What is a Company Limited by Shares?
A company limited by shares means that the owners have limited financial liability, so their personal finances are protected if the company encounters financial problems. Limited liability is a major benefit over the sole trader structure whereby the sole trader is liable for business debt.
They are more commonly referred to as limited companies, and account for most private companies registered in the UK. This company structure is particularly popular as the company exists as a separate legal entity from the individual directors.
This page provides all of the need-to-know information about private companies limited by shares.

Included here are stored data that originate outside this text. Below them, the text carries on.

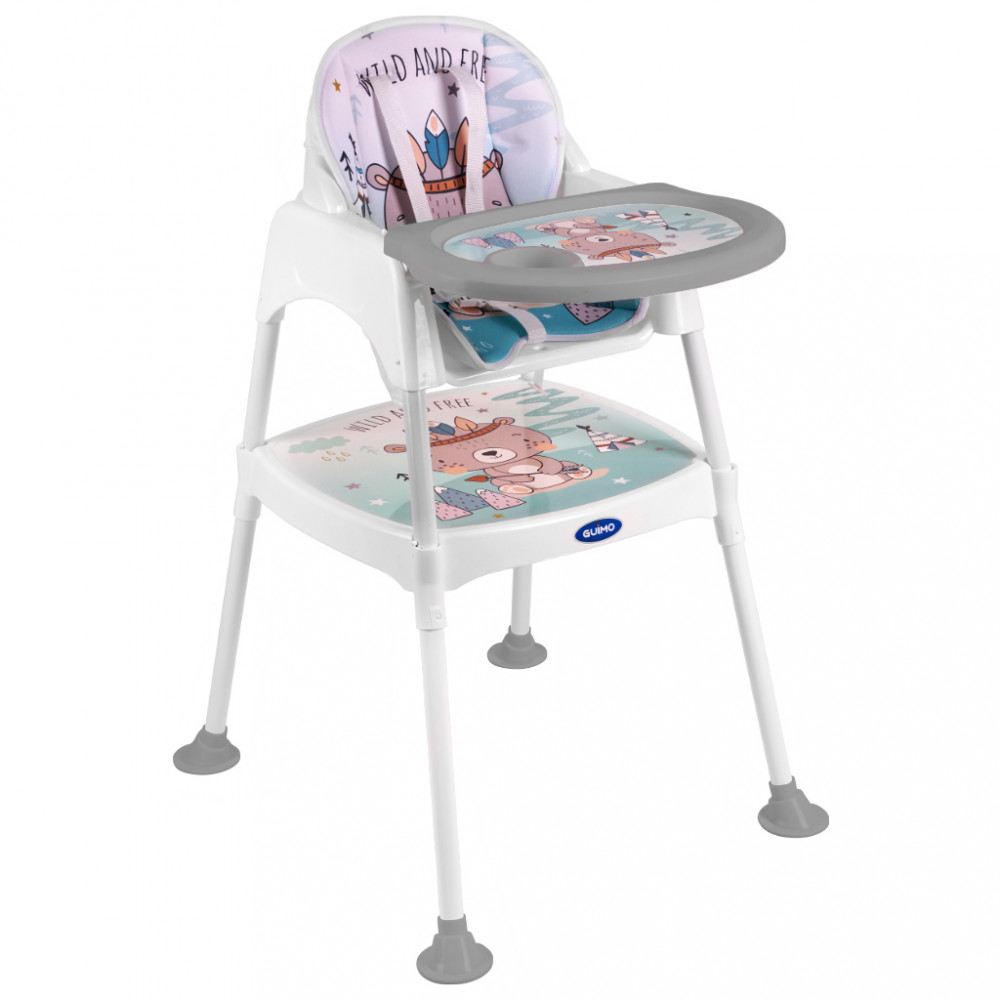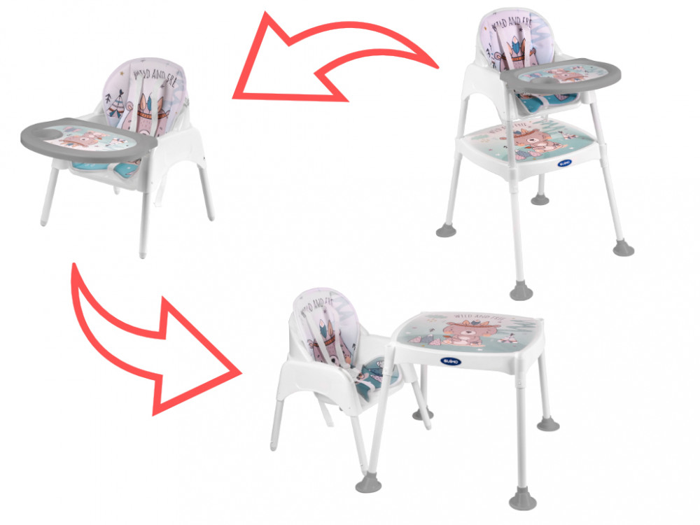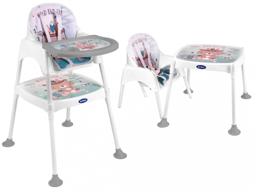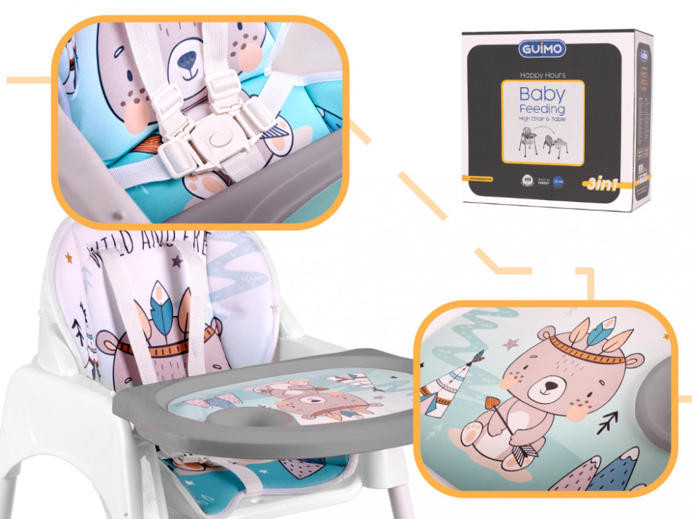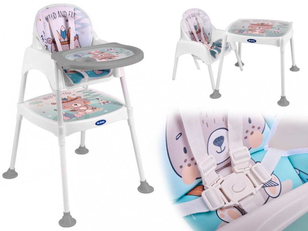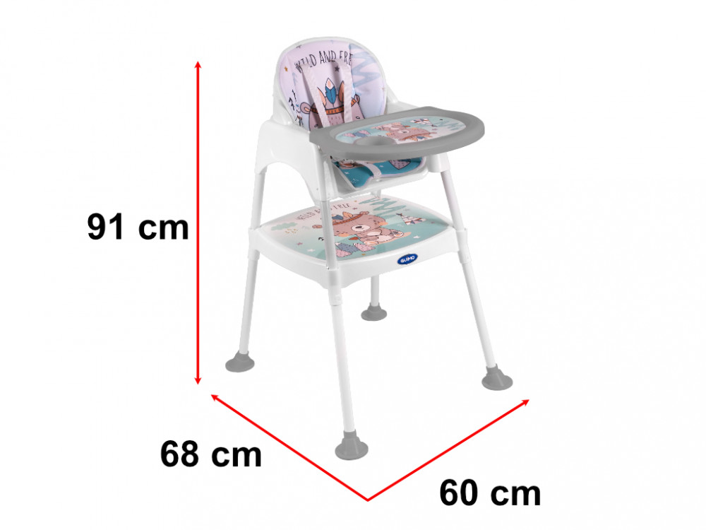 Szuper 3 az 1-ben etetőszék. Három különböző funkcióval rendelkezik: etetőszék, etetőszék és asztal. Az aranyos dizájn vonzza majd a kicsik figyelmét. A puha borítás kényelmes étkezést biztosít a kicsinek. Asztallap méretei: 45x47.5cm. Szék magassága: 91 cm.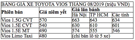 Toyota Vios là mẫu xe hạng B dành cho cá nhân và gia đình của hãng Toyota. Mẫu xe này hiện đang dẫn đầu về doanh số tại thị trường ô tô Việt Nam với 12.451 xe bán ra trong 6 tháng đầu năm 2018. Nổi tiếng với giá cả rẻ nhất, kích thước gọn gàng, giúp di chuyển linh hoạt ngay cả trong phố đông, khả năng tiêu hao nhiên liệu đáng mơ ước (chỉ 5,8 lít/100km). Tháng 8/2018, bản Vios nâng cấp ra mắt với ngoại thất bắt mắt hơn, nội thất tiện nghi đầy đủ hơn với chìa khoá khởi động thông minh, đầu DVD, cân bằng điện tử, hỗ trợ khởi hành ngang dốc, kiểm soát lực kéo... Hệ thống an toàn cũng được gia tăng lên 7 túi khí.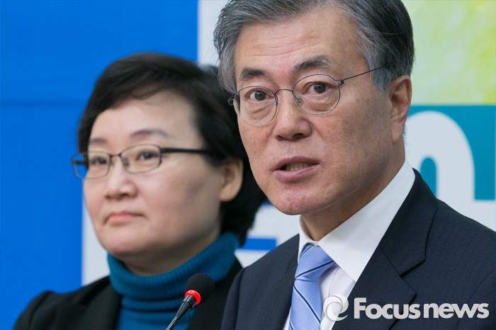 (서울=포커스뉴스) 문재인 더불어민주당 대표가 27일 오전 서울 여의도 국회에서 열린 문미옥 한국여성과학기술인지원센터 기획정책실장의 입당식을 마치고 인사말을 하고 있다.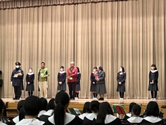 生徒会長の司会のもと,みんなで聖歌を歌い校長先生のお話を聴きました。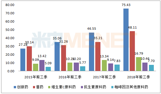 图1:2015-2018年同期石药集团各业务板块的收入情况(单位:亿港元)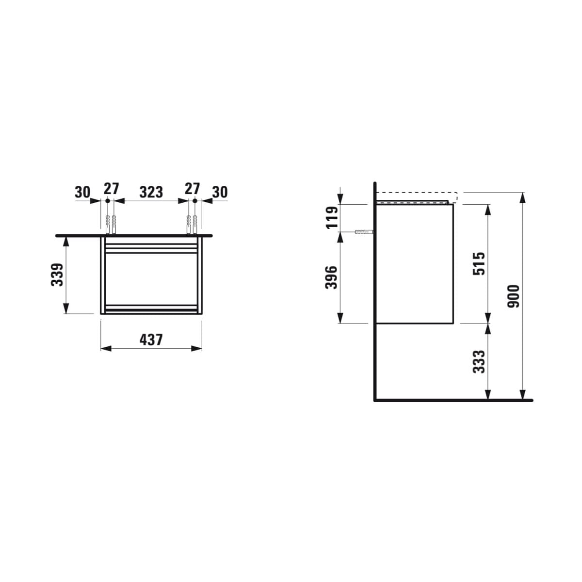 Laufen Lani skrinka 43.7x34x51.5 cm závesná kúpeľňová skrinka pod umývadlo dub H4035011122671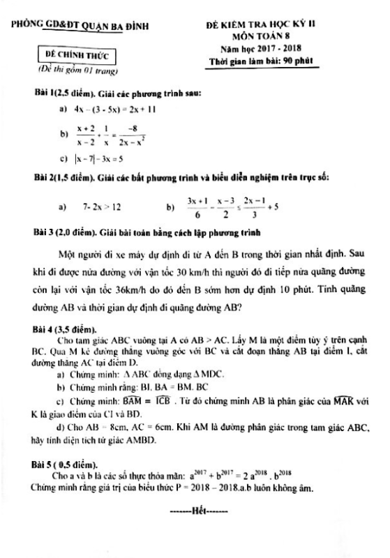 Đề thi học kì 2 (HK2) lớp 8 môn Toán năm học 2017 2018 phòng GD và ĐT Ba Đình Hà Nội

Who is this structure right for?
This structure is attractive to businesses interested in making a profit due to its flexibility in ownership and investment, while also providing liability protection to shareholders. For example:
- Entrepreneurs and Startups: Those looking to limit personal financial risk while attracting investment.
- Small and Medium-Sized Businesses: Companies that want liability protection and flexibility to raise capital through shareholding.
- Growing Businesses: Companies planning to expand or seek outside investment without exposing owners to unlimited liability.
- Family Businesses: Families wanting to keep ownership within the group while protecting personal assets.
Key Benefits
Separate Legal Entity:
The company is distinct from its shareholders and directors, meaning it can own assets, enter contracts, and be sued in its own right.
Limited Liability:
Shareholders' personal finances are protected, and they are only liable for company debts up to the value of their shares.
Shares:
Ownership of the company is divided into shares, which can be bought, sold, or transferred.
You can sell shares to raise funds and grow the business.
Features
Professional Image:
Incorporating improves your business profile, making it more attractive to clients and investors as a reputable, well-structured company.
Corporate Directors:
Another company can be a shareholder or director, but there must always be at least one human director.
Business Continuity:
The company can continue to exist even if the owners pass away, unlike a sole proprietorship.
Name Protection:
Your company name is protected upon registration, preventing others from using the same or a similar name.
Forming a company limited by shares
Incorporating a company limited by shares is incredibly simple. Here's what's required:
- All limited by shares companies must be registered with Companies House and you company name must be unique
- You’ll need a physical registered office address in the same country as the company.
- At least one shareholder and one director are required; one person can fulfill both roles.
- You need to specify up to four Standard Industrial Classification (SIC) codes describing your business activities.
- Details of all People with Significant Control (PSCs) in the company must be declared on incorporation.
- On incorporation Companies House will issue a memorandum of association to state the names of the first shareholders (known as the 'subscribers') and their intention to form the company and take at least one share.
- A governing document called the articles of association must be adopted during the company incorporation process - this outlines the rules and regulations of the company and its owners and its members/officers.